Yes, they're using a broken, insecure, buggy mess.
Google said they are doing this for the next billion smartphone users, which is dumb since gestures are not natural/intuitive for new users compared to buttons. And considering majority of Android phones are still on Lollipop/MM, and the next billion are coming from non-smartphones, and the fact that majority of OEMs won't adopt Google's UI (count how many Chinese OEMs are still using capacitive buttons on their phones), then yeah, I'll say it can take a decade or longer for these gestures to be "natural" for the next billion (ie. for someone to look at an Android phone and does the gestures automatically).
I don't understand why Google can't just stick with what Android did best, the on-screen buttons. It's like they are running out what to announce, and did this just so they can have new things to show.
No if it works what's problem do you think an update will solve?A Motorola Razr from 15 years ago still works great, too, as does Windows 98. See where I'm going with this?
Or people are happy with the thing they've already got. Why is newer all ways better?I think Android user communities have crossed the barriers wrt keep upgrading every OS iterations (both major or minor) all the time. I use Tab S2 running Marshmallow and I do not see anything wrong with my tablet without getting upgraded to newer version Oreo.
Most of the Android devices are optimised with the available base OS at the time of launch. When the base OS gets upgraded after some months or years of launch, the OEM need not upgrade the entire OS which may not be optmised for the older hardware. That's why custom skins sometimes implement features and functionality not available in the stock Android ahead of time, selectively (split screen, smart browsing are few examples where Samsung long implemented it before it started hitting the stock Android).
Also, this slow progression and adoption of fragmented ecosystem where latest OS gets adopted bit later, sort of mitigates any defects or security issues etc...from the mainstream user base.
Users are currently oblivious to the OS versions.
Or people are happy with the thing they've already got. Why is newer all ways better?
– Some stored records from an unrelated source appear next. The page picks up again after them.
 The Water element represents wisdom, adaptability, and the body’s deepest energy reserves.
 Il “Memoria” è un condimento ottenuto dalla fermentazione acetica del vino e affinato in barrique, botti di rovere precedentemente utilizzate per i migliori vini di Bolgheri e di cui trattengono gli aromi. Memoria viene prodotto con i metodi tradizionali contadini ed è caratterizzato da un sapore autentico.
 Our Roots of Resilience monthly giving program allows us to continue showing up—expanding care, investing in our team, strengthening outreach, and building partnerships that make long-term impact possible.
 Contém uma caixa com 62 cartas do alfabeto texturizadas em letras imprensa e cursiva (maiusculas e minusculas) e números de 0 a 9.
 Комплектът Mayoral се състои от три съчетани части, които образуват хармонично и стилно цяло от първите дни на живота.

Or people are happy with the thing they've already got. Why is newer all ways better?
Great. Another thing to note when having a debate with an android fanboy about who copies who.
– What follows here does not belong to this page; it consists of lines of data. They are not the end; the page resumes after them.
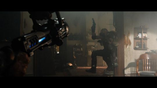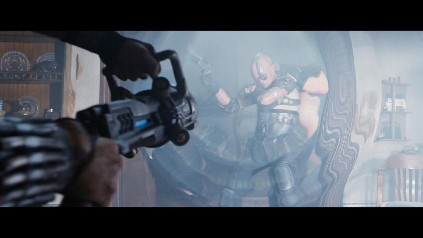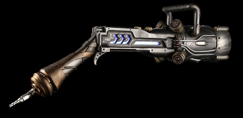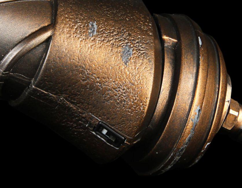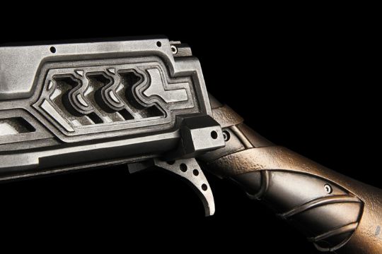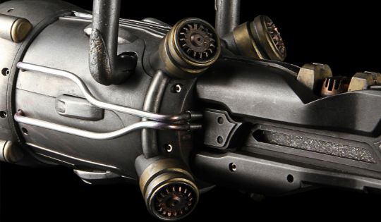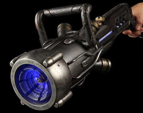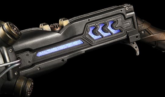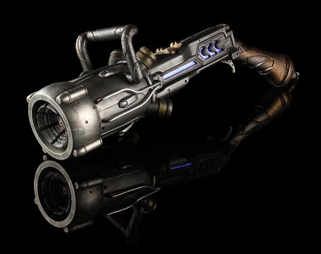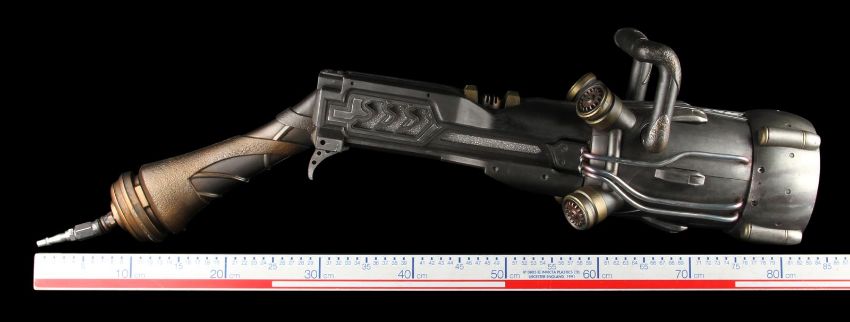 A Deci Bore gun from the sci-fi adventure film Jupiter Ascending, directed by The Wachowskis. Triggers used their weapons during the assault at Stinger Apini’s (Sean Bean) residence, where they attempted to murder Earth’s matriarch Jupiter Jones (Mila Kunis). The large weapon is constructed from cast resin, with a traditional stock and a urethane handle. It features a wide barrel with rotating centre, a small switch in the butt activates pulsing blue lights along the stock, and the trigger rotates the barrel – all powered by a 12V battery (UK 13amp charger included).Metallic grey and black paint covers the surface, with faux-bronze and copper coloured accents and metal piping. It remains in very good condition. Dimensions: 82 cm x 19 cm 31 cm (32 ¼" x 7 ½" x 12 ¼")This lot is supplied with a Warner Bros. certificate of authenticity in place of a Prop Store certificate. Payment plan on this item is restricted to a duration of one month. Please contact us for further information. As this item contains electronic components, every effort has been made to describe them accurately, however no guarantee or warranty is made as to the functionality or lifespan of those components. It is entirely incumbent on the new owner to satisfy themselves as to their use and maintenance. VAT Status - DAGGER
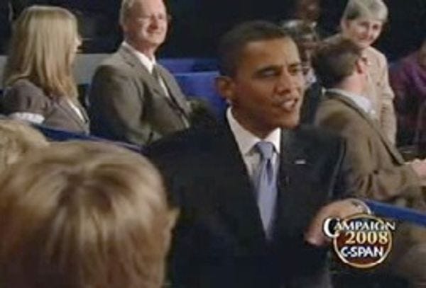 00: 01:20 -- The snub. Obama reaches out to shake McCain's hand. McCain makes a weird face and points to Cindy McCain. Nonplussed, Obama smiles and takes her hand, says some pleasantries, and returns to the voters in the audience.
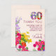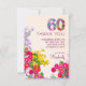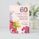Celebrate a milestone birthday with this beautifully designed 60th birthday thank you card, featuring vibrant floral accents and an elegant "60" graphic. This card offers a heartfelt way to express gratitude to friends and family for their presence and generous gifts on this special occasion. The floral border adds charm, while the customisable text ensures a personal touch. Ideal for those who want a memorable and elegant way to say "thank you" after a 60th birthday celebration. Enjoy!

You keep repeating this to seeming random comments on this thread for some strange reason.
If you want to talk about that then you should also mention only 5% of those are on the latest OS - and that has been out for 9 months already.
5% of 90% is still a buttload of people.
That was not the premise of my point, now was it?lolz. Nokia, then Blackberry. If I'm not mistaken, Palm also had some gesture based control, not as good as Nokia or Blackberry.
Apple isn't the innovator of gesture based control. Look it up.
Well it is a lot more work to develop a feature-packed OS for around 60%+ of your entire iOS consumer base than it is to develop an OS that will come stock to maybe 5 or 6 flagship devices and will sit in development for compatibility issues with OEMs for a year or 2 before finally being released at which point two newer versions have already been released to the public.Doesn't matter. Everyone steals ideas from each other. The problem now is that Android looks and operates better than iOS rather than looking like it's 10 years behind iOS like it used to.
Whilst Google have continued to improve Android year after year, iOS has become a stale bloated buggy mess.